Cystic Disease Flashcards
What are the 2 causative genes of autosomal dominant polycystic kidney disease?
PKD1 and PKD2
Which ADPKD mutation has a worse prognosis?
PKD1 mutations
What is the 2nd-hit hypothesis of ADPKD?
The theory that cyst formation does not occur until there is a 2nd hit/mutation that occurs in the unaffected gene copy
What cellular structure do PKD1 and PKD2 localize to?
Cilium of tubular epithelial cells
What is the affect of abnormal cilliary function on Ca2+ and cAMP?
It decreases intracellular Ca2+ and raises cAMP levels, which leads to cell proliferation and fluid secretion of expanding cyst
What is the role of ADH on cyst formation?
Binding of ADH/AVP to V2 receptors stimulates cAMP, which leads to cyst proliferation and fluid secretion into cysts
How does ADPKD lead to CKD/ESRD?
Cysts take up more and more of the kidney space, which leads to compression of renal vasculature and RAAS activation. There is also functional tissue destruction, which leads to hyperfiltration and injury of remaining kidney units
What is the mainstay of diagnosis of cystic kidney disease?
Imaging and family history if possible
What are common renal manifestations of ADPKD?
Hypertension, abdominal/flank pain, proteinuria, nephrolithiasis, hematuria, UTIs
What are extrarenal complications of ADPKD?
Hepatic cysts (most common) Intracranial aneurysms (can be fatal) Mitral valve prolapse, aortic aneurysm
What is the treatment for ADKPD?
General renoprotection (BP control, low sodium diet, increased water intake, minimal caffeine, no contact sports) and newer pharmacology (tolvaptan, mTOR inhibitors)

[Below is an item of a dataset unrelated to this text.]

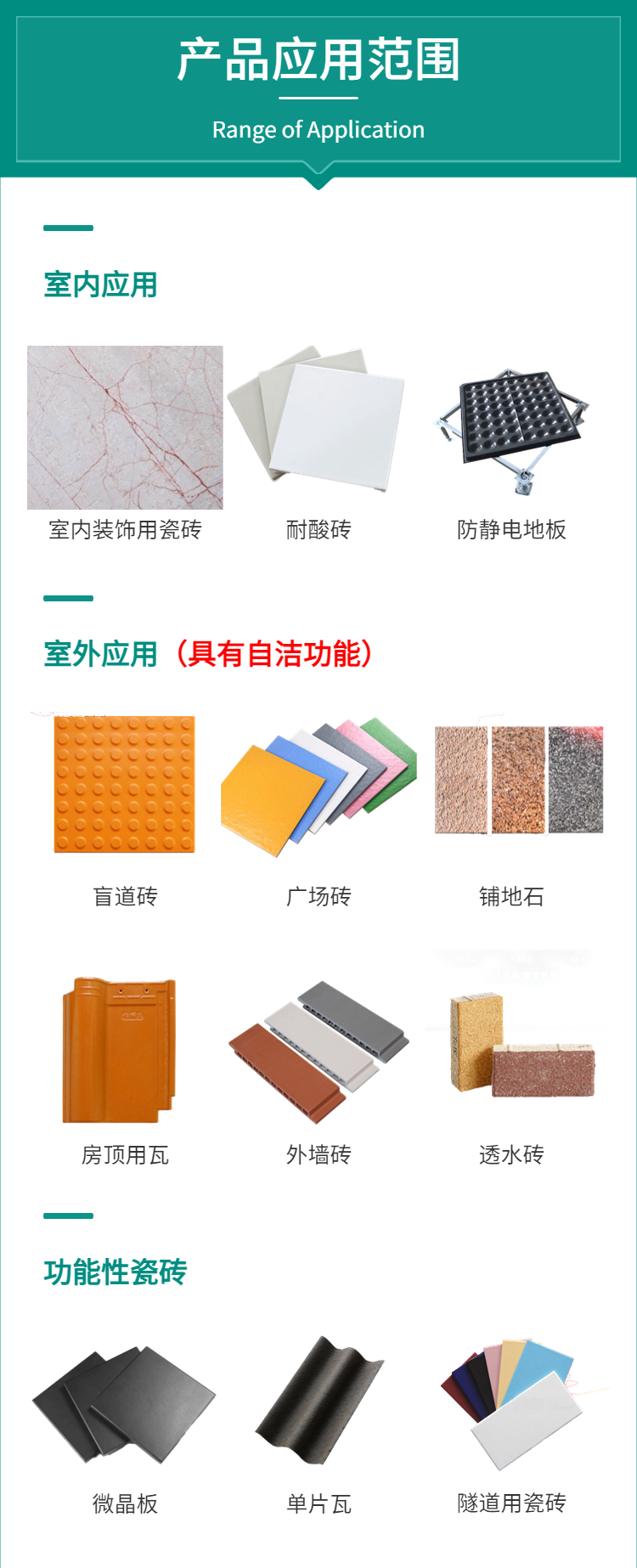 应用范围:陶瓷产品表面

What is the gene associated with autosomal recessive PKD?
PKHD1 gene that encodes for fibrocystin (expressed in primary cilia of kidney and bile duct epithelia)
What is the pathology of ARPKD?
Enlarged, echogenic kidneys, compressed cortex, dilated branching collecting ducts
How is ARPKD diagnosed?
Presence of large, echogenic kidneys with either concurrent hepatic fibrosis, parents without cystic kidneys, or sibling with disease)
What are extra-renal clinical manifestations of ARPKD?